Он взглянул на меня живее и пристальнее, и я пожалел, что вылез со своим вопросом. Умом Авдага, может, и не блещет, но дурака из себя строить не позволит. Он ничего не ответил, и это был худший ответ, словно он сказал: «И ты меня спрашиваешь?!»
Он посидел еще немного, не сводя глаз с мангала, а потом медленно поднялся и не спеша вышел из комнаты.
Махмуд проводил его, несчастный и растерянный. Вернувшись и лишь прикрыв дверь, он тут же кинулся ко мне:
— Почему он спрашивал меня о тюремщике?
— А меня спрашивал об Омере Скакаваце.
— Но почему?
— Может, завтра скажет.
— Думаешь, и завтра придет?
— Непременно.
— О господи, смотрит, молчит! Страх до костей пробирает.
— А чего тебе бояться, если на тебе вины нет?
— Какая вина, побойся бога, что ты говоришь? В чем вина-то?
Я встал и попрощался. Оставаться здесь я больше не мог. Мысль о его возможном вероломстве глубоко оскорбила меня.
Мой уход и, вероятно, моя холодность совсем лишили его самообладания. Он снова стал похож на старого Махмуда, но я был слишком раздосадован, чтобы воскрешать его из мертвых.
— Погоди, посиди,— просил он.
— Пора.
Так и оставил его одного с мышами, кошками и страхом; уже на улице мне пришло в голову, что поступил нехорошо, но я не вернулся.
16. Надгробная надпись
На следующий день в полдень, когда я пришел домой, Тияна сказала, что меня искал Махмуд.

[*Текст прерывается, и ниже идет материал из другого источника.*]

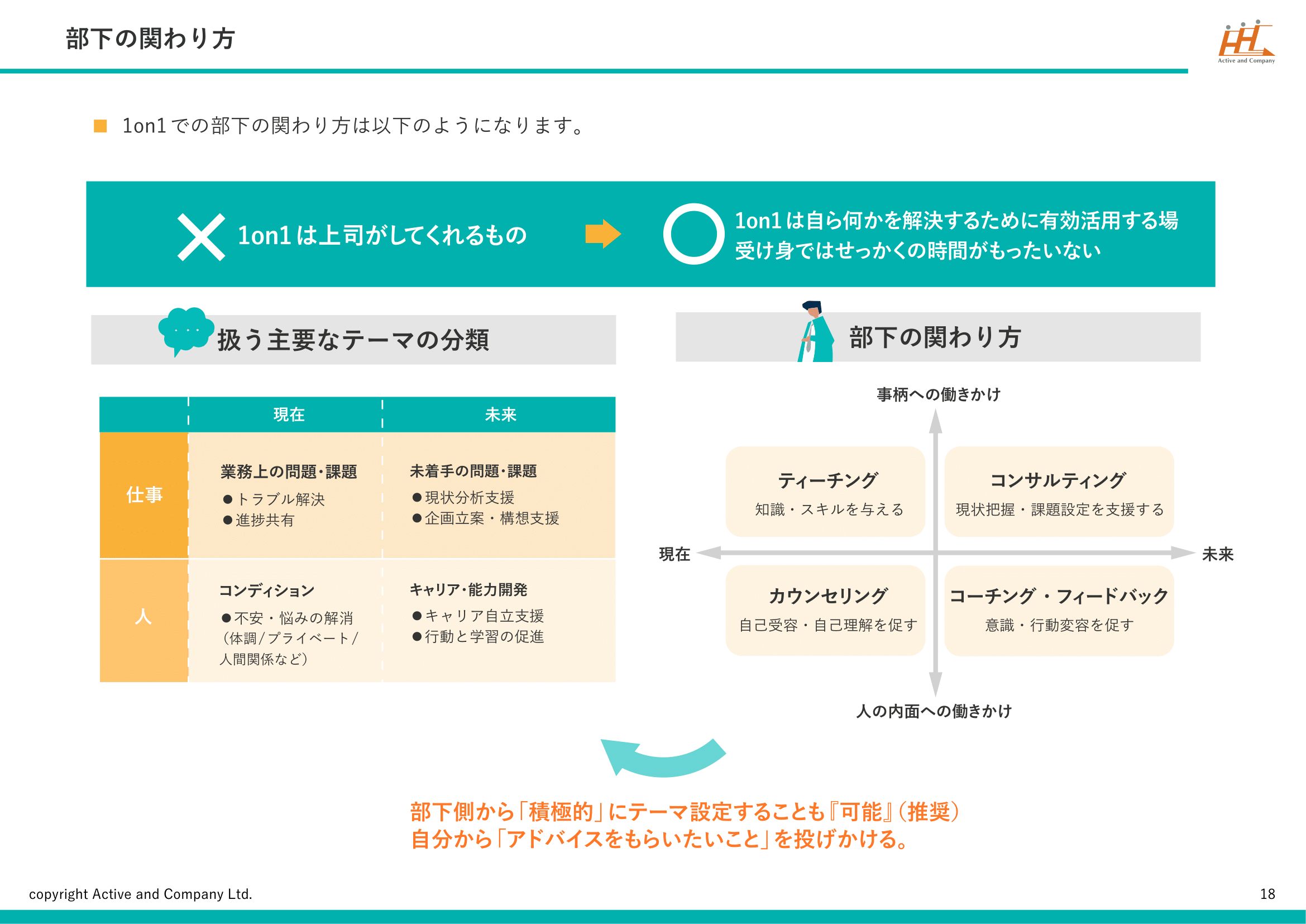 「1on1」ミーティングを行っても、従来の面談と大きな違いを感じられなかったり、部下の話を聴くといっても、コーチング的な促しや問い掛けを繰り返すだけで良いのか、あるいはアドバイスをすべきなのか、多くの方が戸惑っているのが現状です。
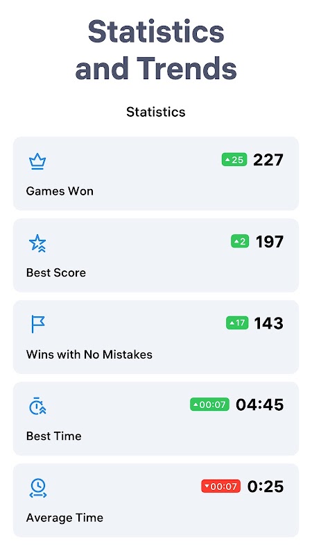 - Statistics. Track your progress for each difficulty level of sudoku puzzle: analyze your best time and other achievements
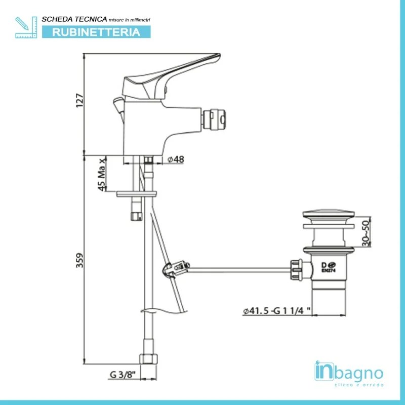 • Dimensione miscelatore bidet:H 12.7 x p 10 cm;
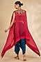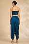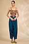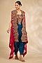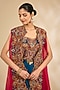 Featuring a multi-colored cape in silk and organza base with hand and machine embroidery. It is paired with a bustier and dhoti pants. Accentuate it with polki dangler earrings, a potli bag and block heels for festive occasions, cocktail, sangeet ceremony.
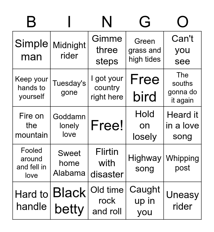 This bingo card has a free space and 24 words: Sweet home Alabama, Black betty, I got your country right here, Hard to handle, Can't you see, Simple man, Keep your hands to yourself, Midnight rider, Hold on losely, Flirtin with disaster, Free bird, Fire on the mountain, Highway song, Whipping post, Tuesday's gone, Caught up in you, Heard it in a love song, Gimme three steps, The souths gonna do it again, Goddamn lonely love, Uneasy rider, Fooled around and fell in love, Green grass and high tides and Old time rock and roll.
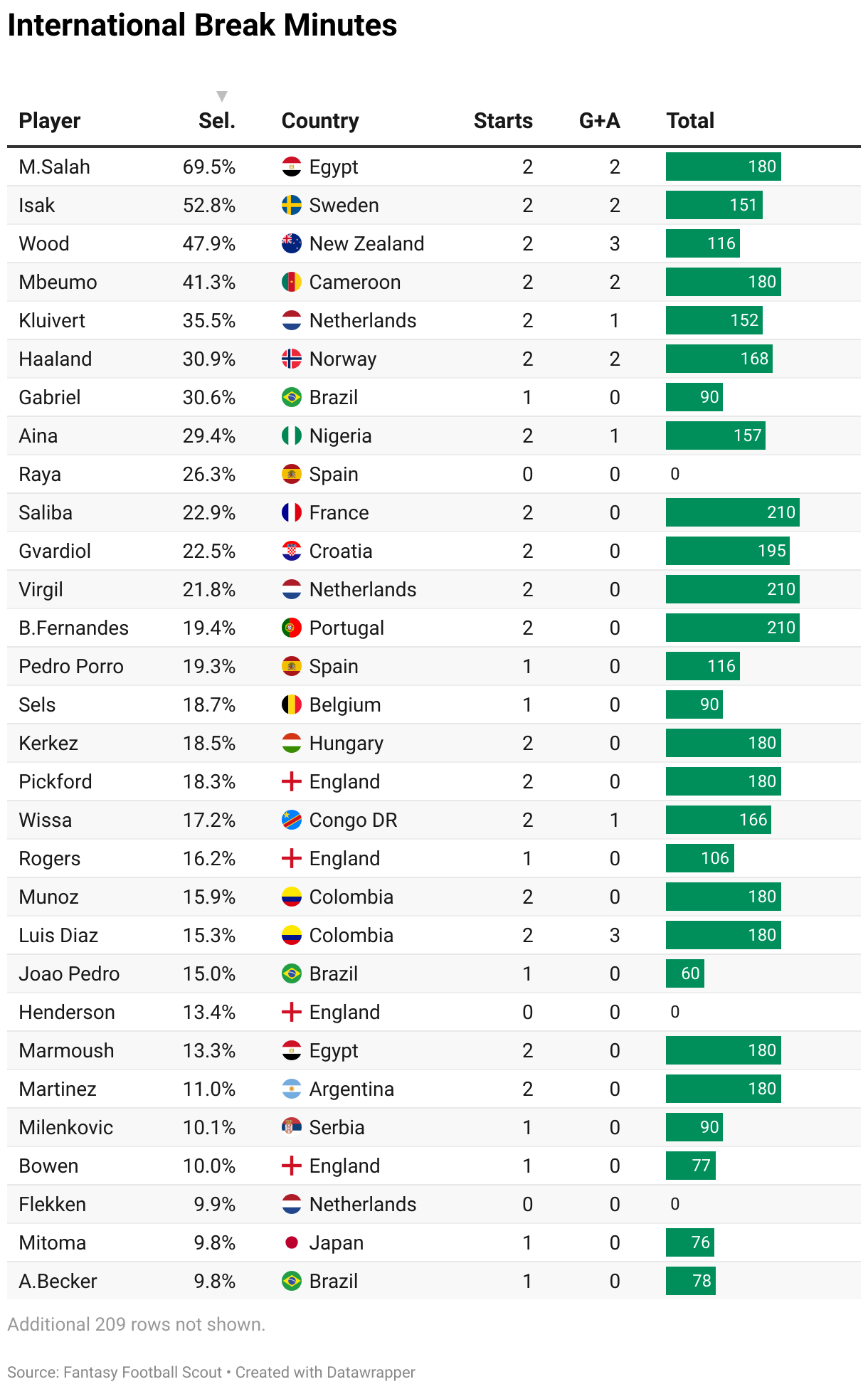 In this piece, we tot up how many minutes each FPL asset clocked up while on international duty.
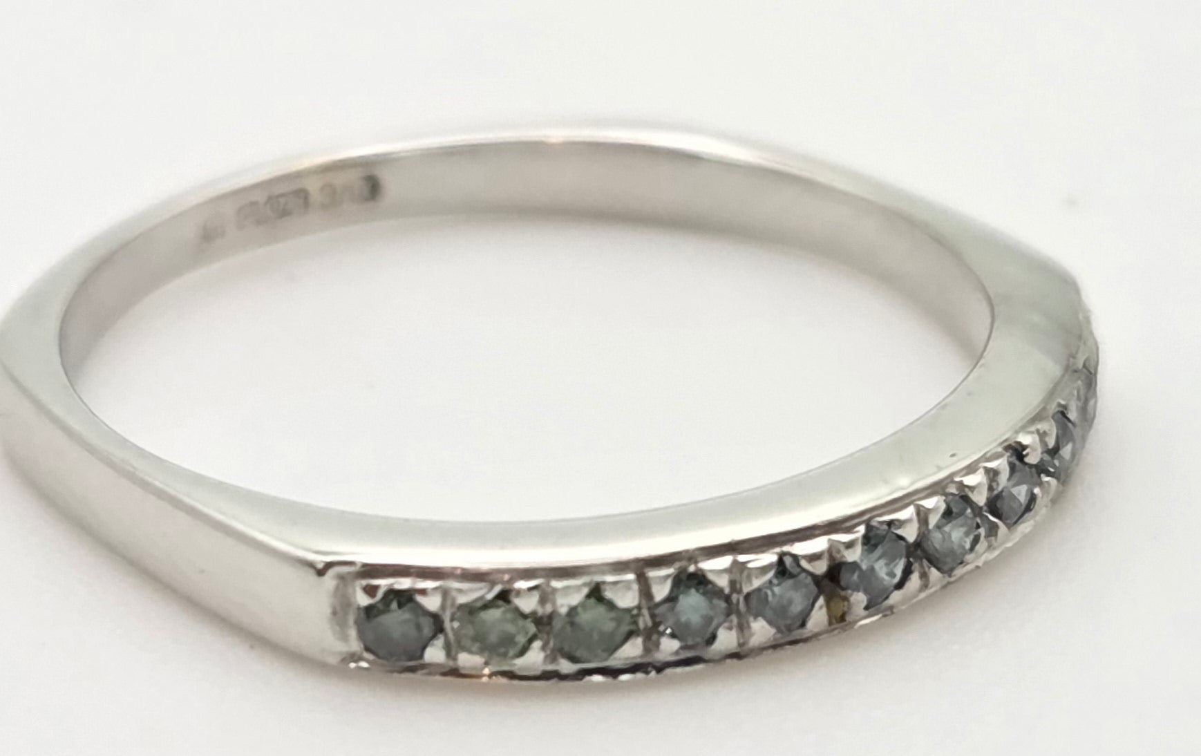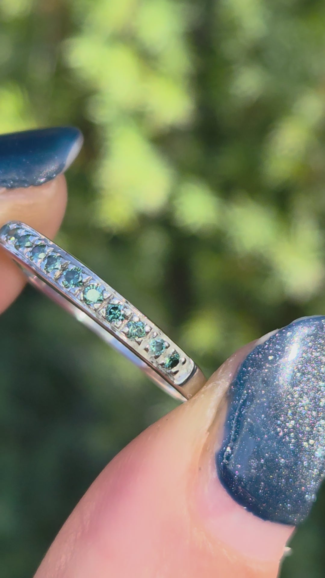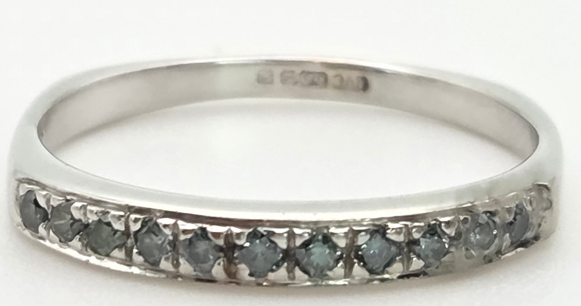 1838 Vintage: 9ct White Gold 11 Blue Natural Diamonds Stacker/Half-Eternity Ring

Я объяснил ей, зачем я ему нужен: он снова почувствовал одиночество, торговцам не доверишь своих страхов; похоже, у него были дела с Османом, и сердар Авдага в чем-то его подозревает.
Не желая ее пугать, я намеренно напустил туману, но она отнеслась к моему сообщению с полным равнодушием: и как мужчинам не надоест заниматься глупостями? У нее заботы поважнее. Она показала мне шелковый платок, который ей подарила Паша, жена Махмуда, расшитый в середине и по краям желтыми и голубыми цветочками. Разве он не лучше всей этой вашей возни?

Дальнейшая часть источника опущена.